INFO [main] Worker: Worker started.
And also the following message in Master's log:
INFO [dispatcher-event-loop-9] Master: Registered worker
Host: 192.168.2.109
RpcPort: 57806
PushPort: 57807
FetchPort: 57809
ReplicatePort: 57808
SlotsUsed: 0
LastHeartbeat: 0
HeartbeatElapsedSeconds: xxx
Disks:
DiskInfo0: xxx
UserResourceConsumption: empty
WorkerRef: null
Start Spark with Celeborn
Copy Celeborn Client to Spark's jars
Celeborn release binary contains clients for Spark 2.x and Spark 3.x, copy the corresponding client jar into Spark's
jars/ directory:
cp $CELEBORN_HOME/spark/<Celeborn Client Jar> $SPARK_HOME/jars/
Start spark-shell
Set spark.shuffle.manager to Celeborn's ShuffleManager, and turn off spark.shuffle.service.enabled:
cd $SPARK_HOME
./bin/spark-shell \
--conf spark.shuffle.manager=org.apache.spark.shuffle.celeborn.SparkShuffleManager \
--conf spark.shuffle.service.enabled=false
Then run the following test case:
spark.sparkContext
.parallelize(1 to 10, 10)
.flatMap(_ => (1 to 100).iterator.map(num => num))
.repartition(10)
.count
During the Spark Job, you should see the following message in Celeborn Master's log:
Master: Offer slots successfully for 10 reducers of local-1690000152711-0 on 1 workers.

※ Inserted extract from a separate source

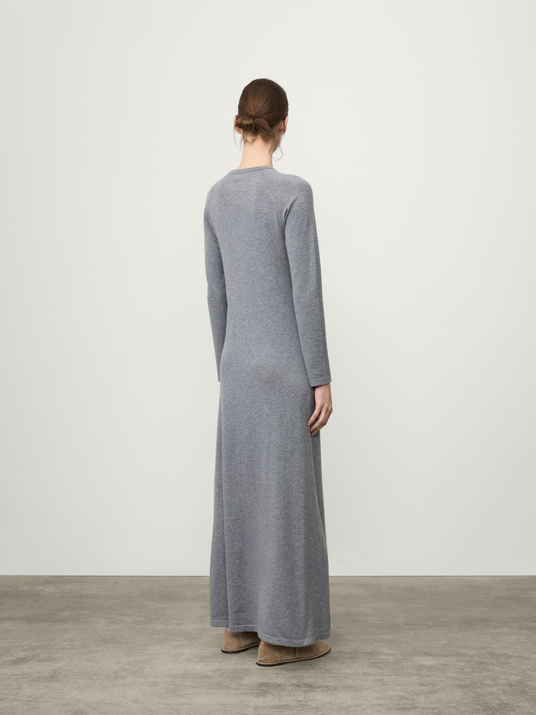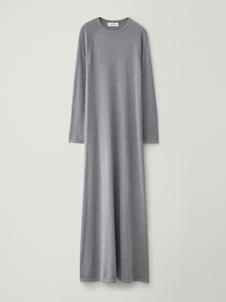 A dress with maxi proportions, the Eliora dress is crafted in our fine knit cotton cashmere composition suggestive of jersey. The regular fit piece skims the body in a slightly A-line silhouette that feels both light and enveloping, and features a crew neck, full raglan sleeves and a floor-gracing skirt with ribbed trims.
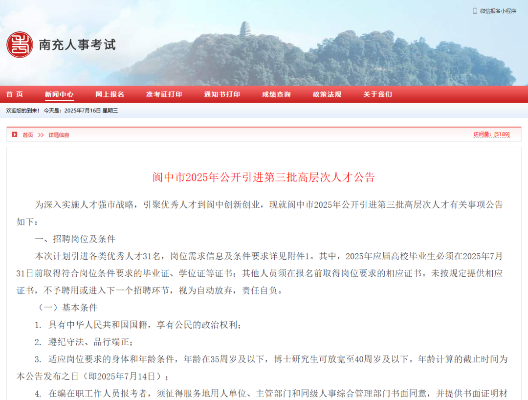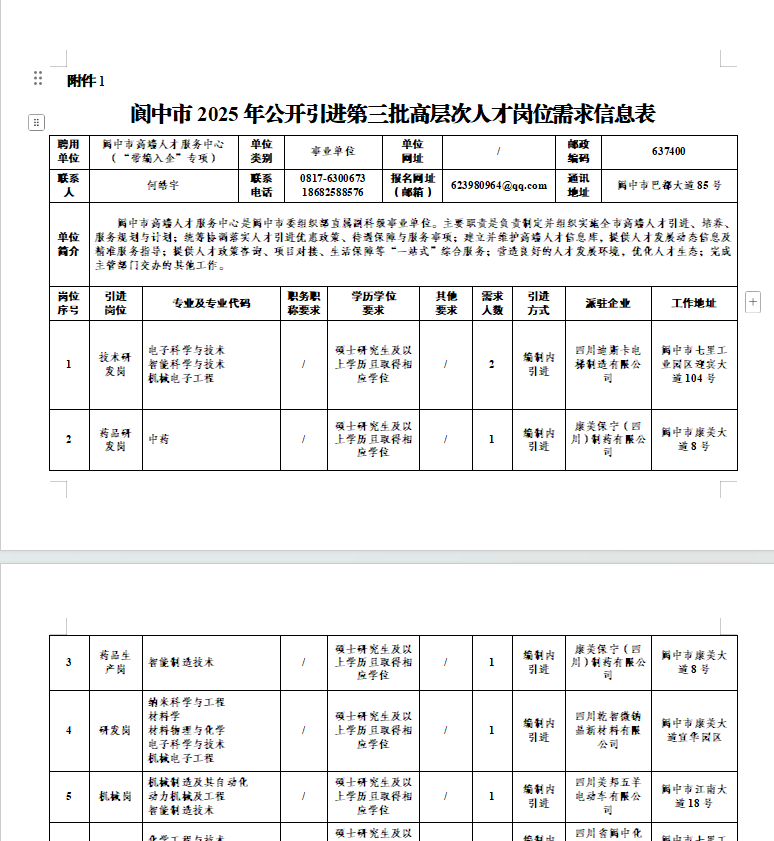 南充引进第三批高层次人才公告

And the following message in Celeborn Worker's log:
INFO [dispatcher-event-loop-9] Controller: Reserved 10 primary location and 0 replica location for local-1690000152711-0
INFO [dispatcher-event-loop-8] Controller: Start commitFiles for local-1690000152711-0
INFO [async-reply] Controller: CommitFiles for local-1690000152711-0 success with 10 committed primary partitions, 0 empty primary partitions, 0 failed primary partitions, 0 committed replica partitions, 0 empty replica partitions, 0 failed replica partitions.
Start Flink with Celeborn
Copy Celeborn Client to Flink's lib
Celeborn release binary contains clients for Flink 1.14.x, Flink 1.15.x and Flink 1.17.x, copy the corresponding client jar into Flink's
lib/ directory:
cp $CELEBORN_HOME/flink/<Celeborn Client Jar> $FLINK_HOME/lib/
Add Celeborn configuration to Flink's conf
Set shuffle-service-factory.class to Celeborn's ShuffleServiceFactory in Flink configuration file:
cd $FLINK_HOME
vi conf/flink-conf.yaml
shuffle-service-factory.class: org.apache.celeborn.plugin.flink.RemoteShuffleServiceFactory
Then deploy the example word count job to the running cluster:
cd $FLINK_HOME
./bin/flink run -Dexecution.runtime-mode=BATCH examples/streaming/WordCount.jar
During the Flink Job, you should see the following message in Celeborn Master's log:
Master: Offer slots successfully for 1 reducers of local-1690000152711-0 on 1 workers.
And the following message in Celeborn Worker's log:
INFO [dispatcher-event-loop-4] Controller: Reserved 1 primary location and 0 replica location for local-1690000152711-0
INFO [dispatcher-event-loop-3] Controller: Start commitFiles for local-1690000152711-0
INFO [async-reply] Controller: CommitFiles for local-1690000152711-0 success with 1 committed primary partitions, 0 empty primary partitions, 0 failed primary partitions, 0 committed replica partitions, 0 empty replica partitions, 0 failed replica partitions.